An important cost variable for flexible URS is maintenance of instrumentation. Studies have demonstrated that, after one repair, the risk of requiring additional maintenance increases significantly (23). As such, it may be cost effective to replace a damaged scope rather than repair it repeatedly. Damage to scopes may occur regarding optics or within the sheath. There are techniques to minimize damage to ureteroscopes, such as minimizing severe flexion (e.g., by displacing lower pole stones to more accessible calyces), advancing laser fibers only when the scope is straightened, not firing the laser within the channel, and using a ureteral access sheath for treatment of larger burdens (24). Care during cleaning of ureteroscopes, including having urology staff involved in this process, may reduce processing-related damages and save costs compared with central processing (25).
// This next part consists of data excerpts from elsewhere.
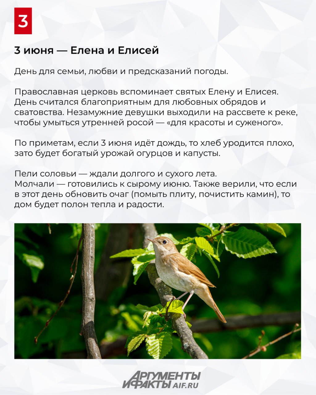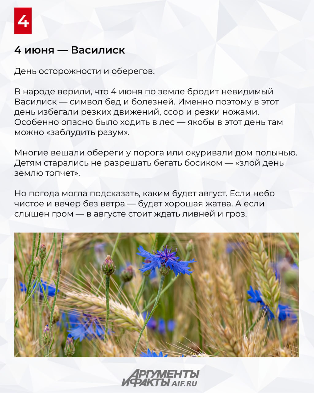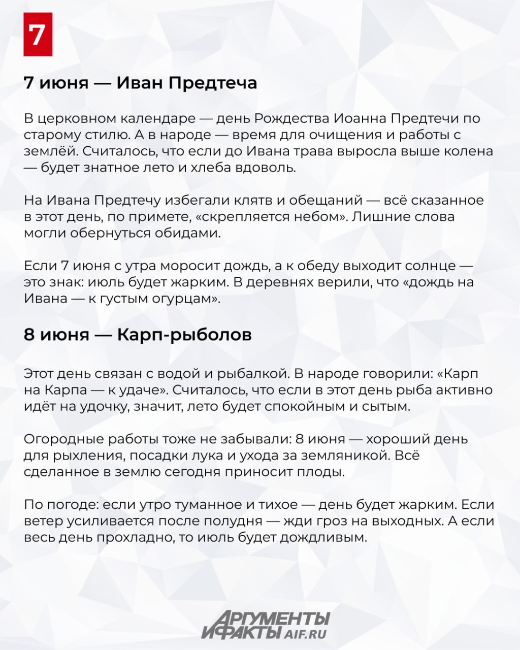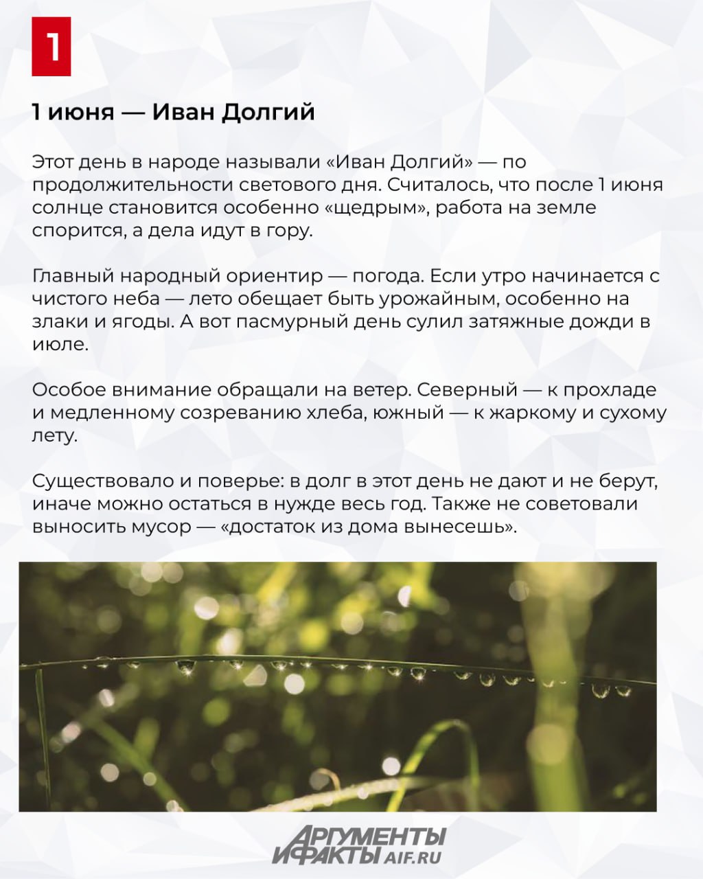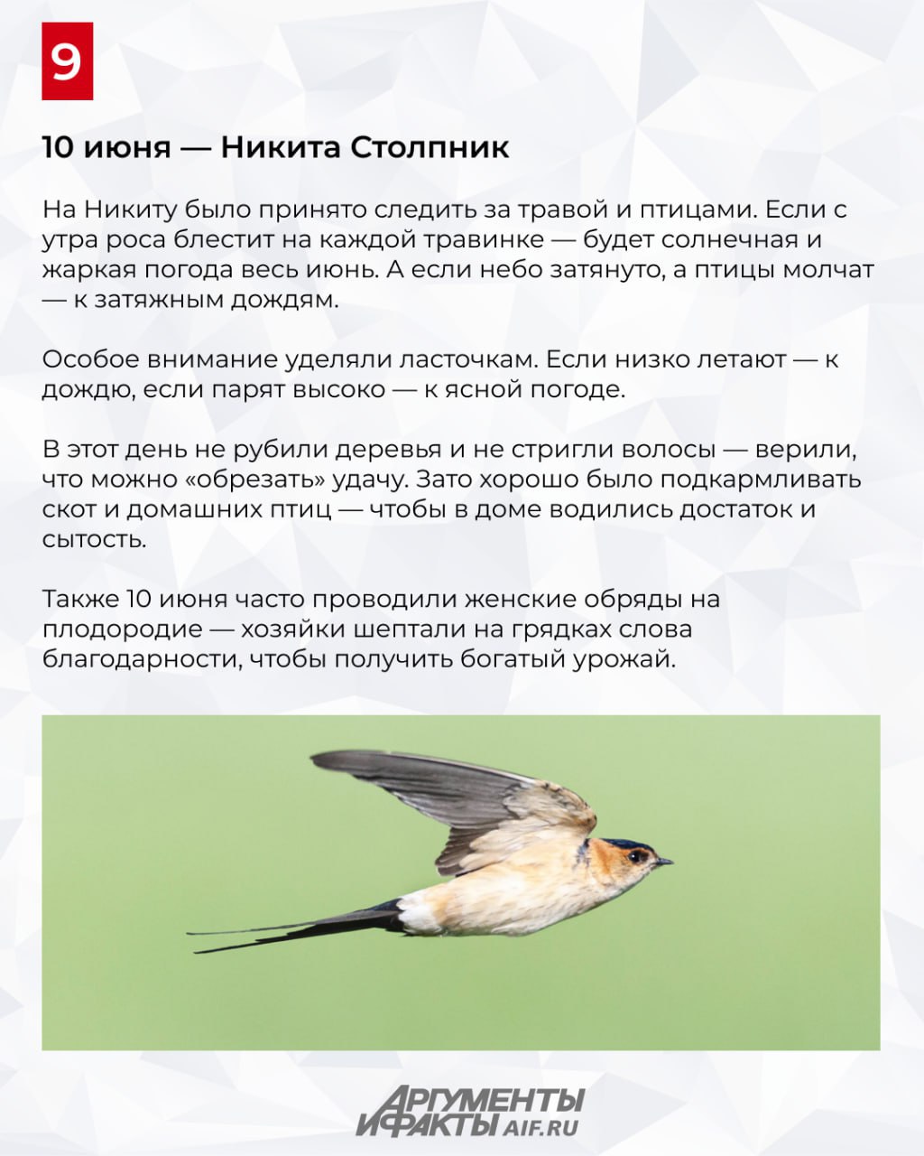 О народных поверьях с 1 по 10 июня — в наших карточках. Календарь народных примет на весь месяц — на сайте АиФ.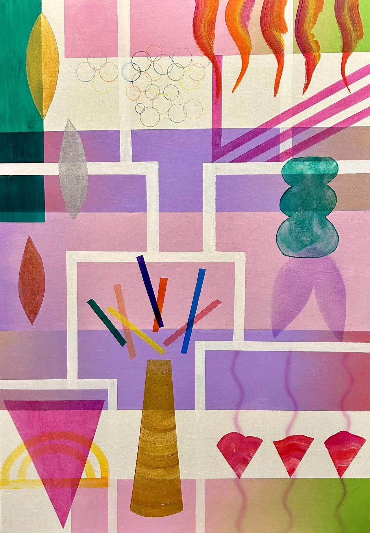 在成都的见闻,为她的创作提供了丰富素材。青花瓷瓶、古韵窗框、自然景观以及在川西见到的图案,玛丽亚将它们以抽象元素的形式组合在画中,构成新的故事。她计划把作品赠给浓园,或许未来在多个场合展出。“画家画完一幅画后,艺术品开始了自己的使命,去影响、启发他人。我的作品没有标准答案,人们要加上自己的想象去思考。我希望这是我留给成都的礼物。”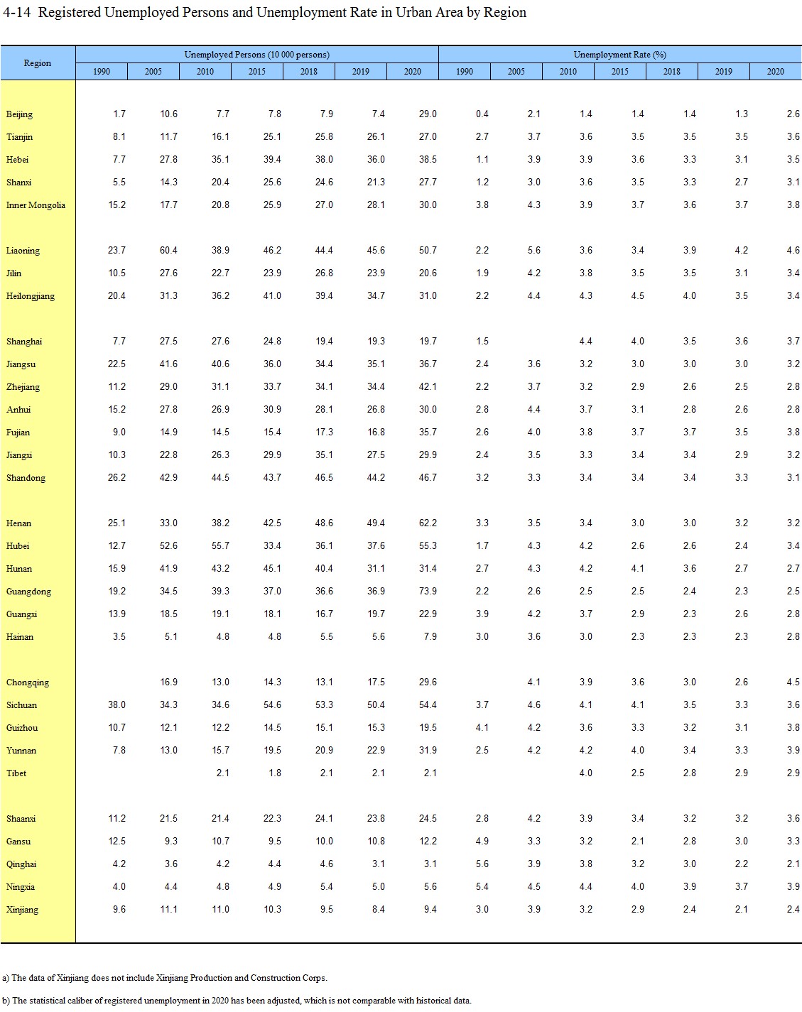 4-14 Registered Unemployed Persons and Unemployment Rate in Urban Area by Region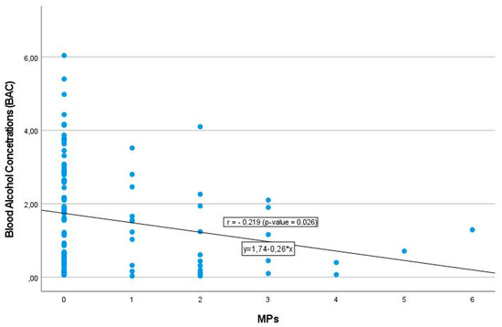 Inverse relationship in men among number of MPs detected and blood alcohol concentrations (BAC; g/L). r = 0.219; p = 0.026, Pearson’s linear correlation coefficient.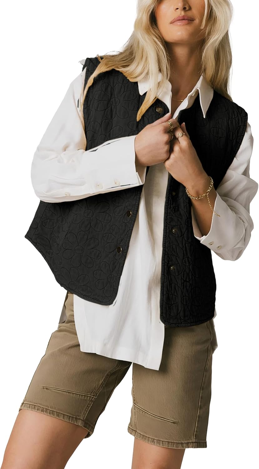 Zeagoo Puffer Vest Women Sleeveless Quilted Jacket Lightweight Snap Zip Up Stand-up Collar Down with Pockets Outerwear

An area of investigation has been the cost effectiveness of pre-stenting patients undergoing URS. Chu and colleagues retrospectively studied 104 patients with upper tract (primarily ureteral) stones with a wide range of stone sizes (0.3-4 cm; median 1 cm) (26). The authors found that pre-stenting significantly reduced the total costs (direct and indirect) of treatment for patients with stones >1 cm, even when assuming a cost of pre-stenting up to 6.2 times the current cost. A limitation of this study was use of reimbursement data rather than actual cost data. Nonetheless, there appeared to be a cost advantage for pre-stenting patients with larger stone burdens undergoing URS. Additional research is needed to better delineate the cost effectiveness of endoscopic treatments for larger stone burdens, in terms of timing of stent placement, the use of staged procedures, and comparison with alternative approaches such as percutaneous surgery.
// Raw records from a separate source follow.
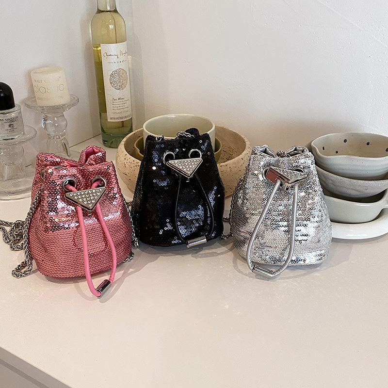 2024春夏スパンコールバケツバッグ子供斜めがけショルダーバッグ可愛い女の子ファッションコーデ高級感お出かけポーチ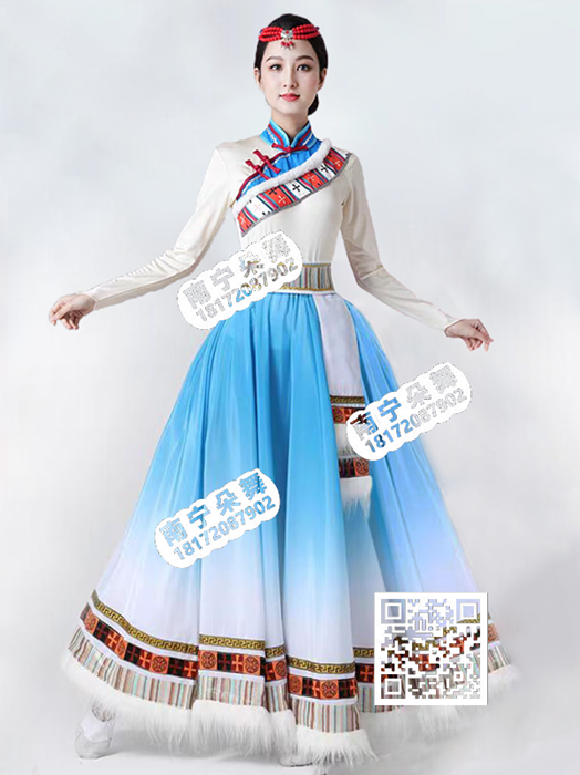 简单描述: 蓝白过渡米衣长袖藏族大摆裙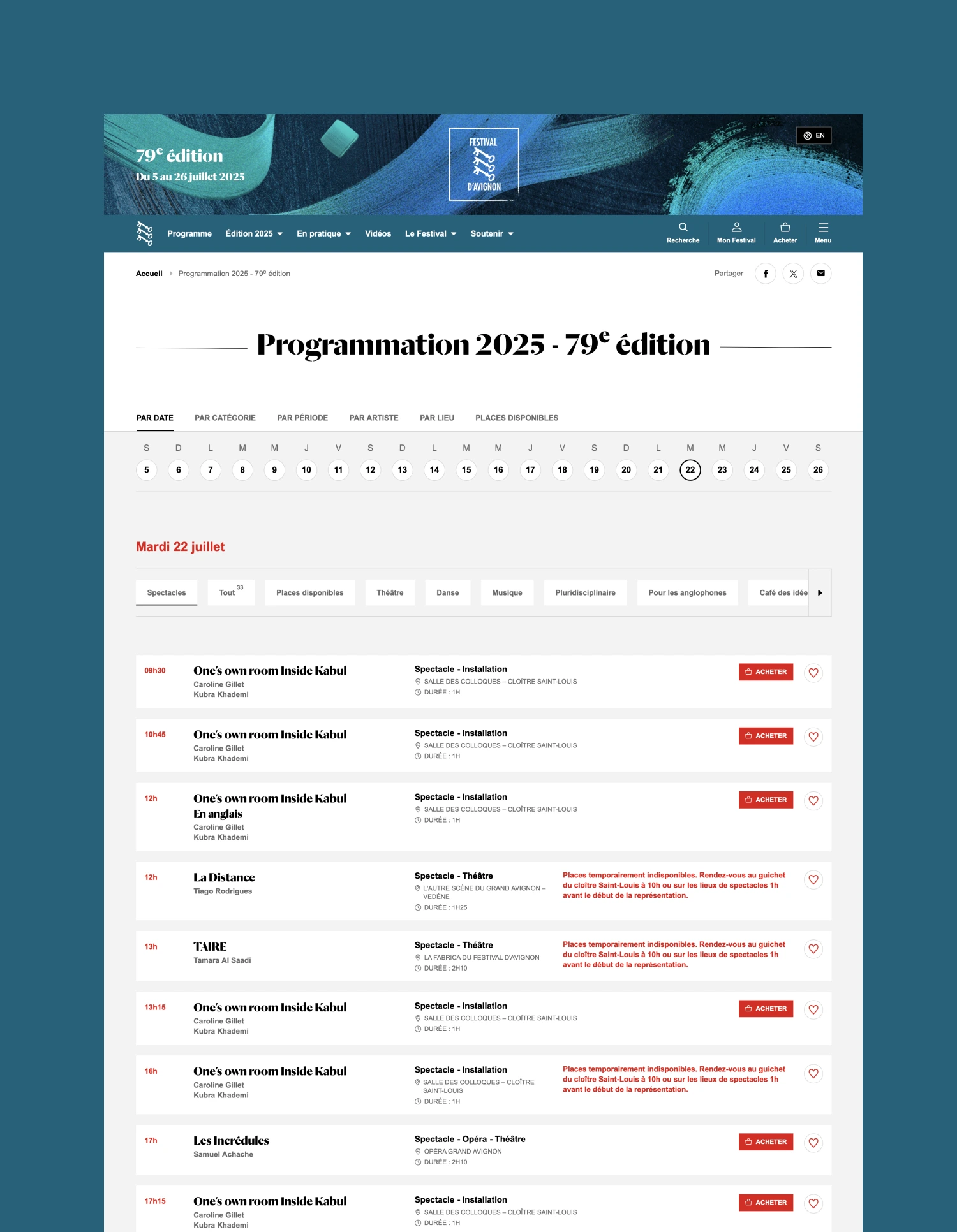 - Clarifier les disponibilités de places de spectacles sur le site, l’app et la billetterie.

Percutaneous nephrolithotomy (PCNL)
PCNL is the standard of care for treatment of large (>2 cm) and/or complex renal calculi based on superior stone clearance (27,28). There is evidence that PCNL is cost as well as clinically effective, based on reduction of the need for follow-up surgery, despite higher short term costs (e.g., inpatient hospitalization, disposable supplies, etc.) (20,29). Nonetheless, there has been effort in the literature to improve the cost effectiveness of PCNL. A driver of higher cost of PCNL has been shown to be second look flexible nephroscopy (SLFN), which is influenced by primary stone size (30). A recent study demonstrated that SLFN is cost effective for residual fragments >4 mm but not ≤4 mm, based on risk of future stone events and interventions (31). This provides practicable data for practitioners in deciding whether to pursue these small residual fragments.
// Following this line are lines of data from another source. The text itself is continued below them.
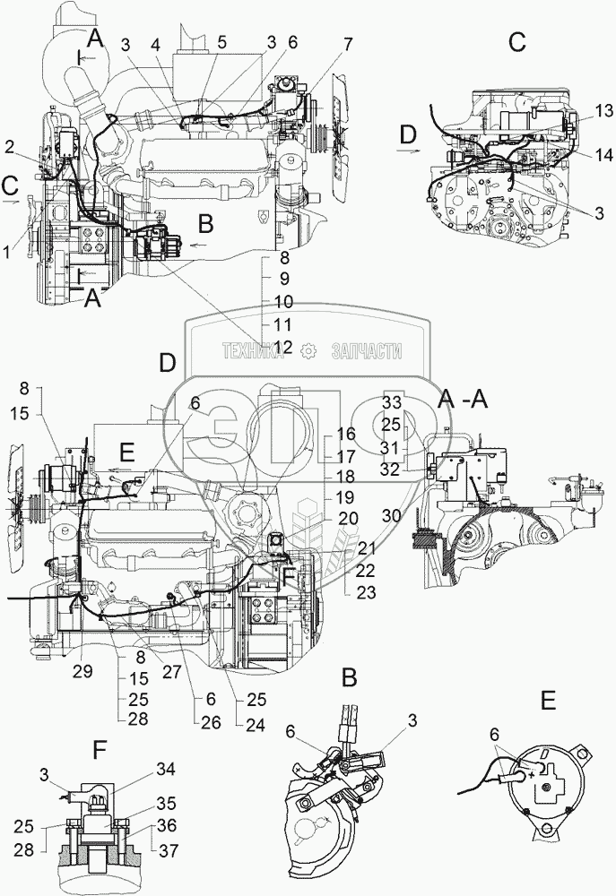 Каталог запасных частей к технике: ЧТЗ Бульдозер Б14. Электрооборудование двигателя ЯМЗ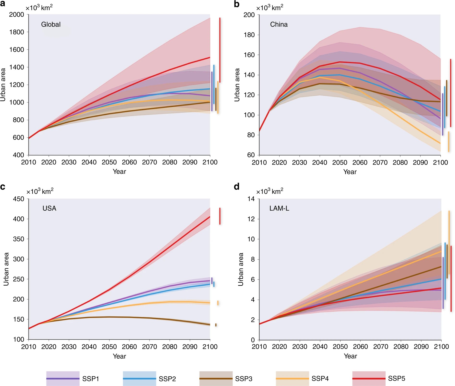 2100年的世界城市空间扩展是怎样的?《自然通讯》(Nature Communication)最近刊发了完美(中国)官方地理科学学院黎夏教授团队在全球气候变化领域重要研究进展:预测至2100年,五种情景下全球城市用地空间格局演变,以及对生...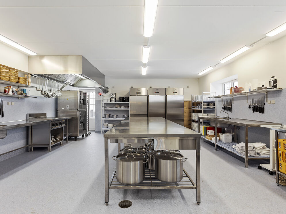 Schön gestalteter Festsaal, der sich für kleine und größere Festlichkeiten und Zusammenkünfte eignet. Im Vorraum befinden sich eine Garderobe und Toiletten. Direkt neben der Küche erwartet Sie eine neue Großküche mit zwei großen Kühlschränken, einem großen Gefrierschrank, einem Industrie-Herd, zwei Industrie-Backöfen, einer großen Kaffeemaschine und einem großen Hauben-Geschirrspüler.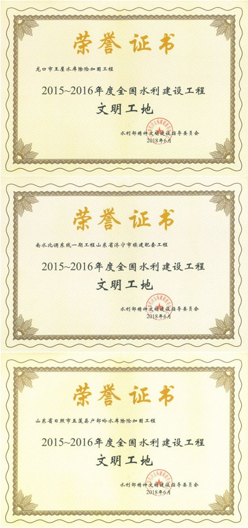 公司“龍口市王屋水庫除險加固工程”等項目榮獲“2015-2016年度全國水利建設工程文明工地”稱號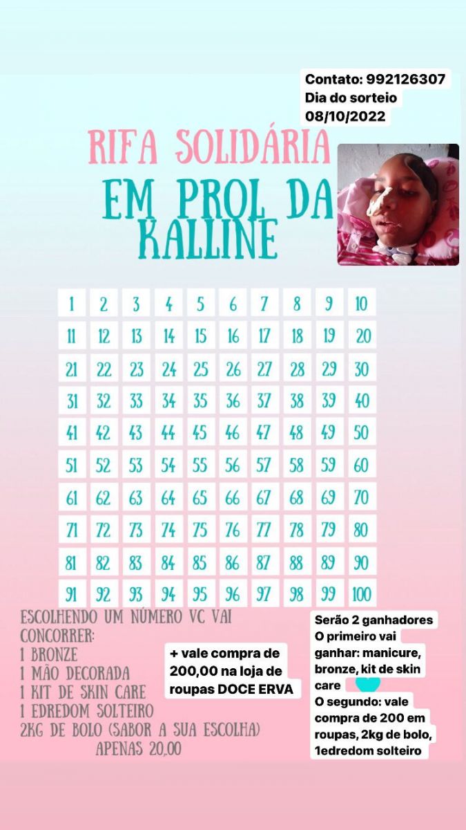 “A Kallyne precisa fazer fisioterapia (afasia e disfasia), fisioterapia motora, fisioterapia ocupacional e fisioterapia pulmonar. Não podemos saber quanto vai custar tudo isso, pois, não temos um valor final, já que não sabemos também quanto tempo vai levar o tratamento. Estamos com publicações no Facebook e Instagram, além de pedir ajuda para os amigos. Toda a ajuda fará a diferença para ela”, explicou.

Increased surgeon experience is also thought to impact cost outcomes of PCNL. Studies have demonstrated that increased experience is associated with decreased operative time, lower 30 day mortality, and lower rates of ICU hospitalization which are associated with cost (32-34). Experience of the surgeon as well as the operating room staff, based on the need for technical support and “trouble shooting” equipment during these cases, are likely to enhance OR efficiency. It may be that regionalization for PCNL would be a cost effective approach, though this requires additional study.
Finally, there has been study of the cost effectiveness of bilateral vs. staged unilateral PCNL for patients with bilateral large stone burdens. Bagrodia and colleagues reported that simultaneous bilateral PCNL decreased overall operative room time, length of stay and cost, thus was advantageous to both patients and third party payers (35). Notably, though, physician reimbursement with synchronous bilateral surgery was significantly less than staged procedures, providing a disincentive for the approach. This study underscores the importance of aligning financial incentives between providers and systems when striving to reduce costs.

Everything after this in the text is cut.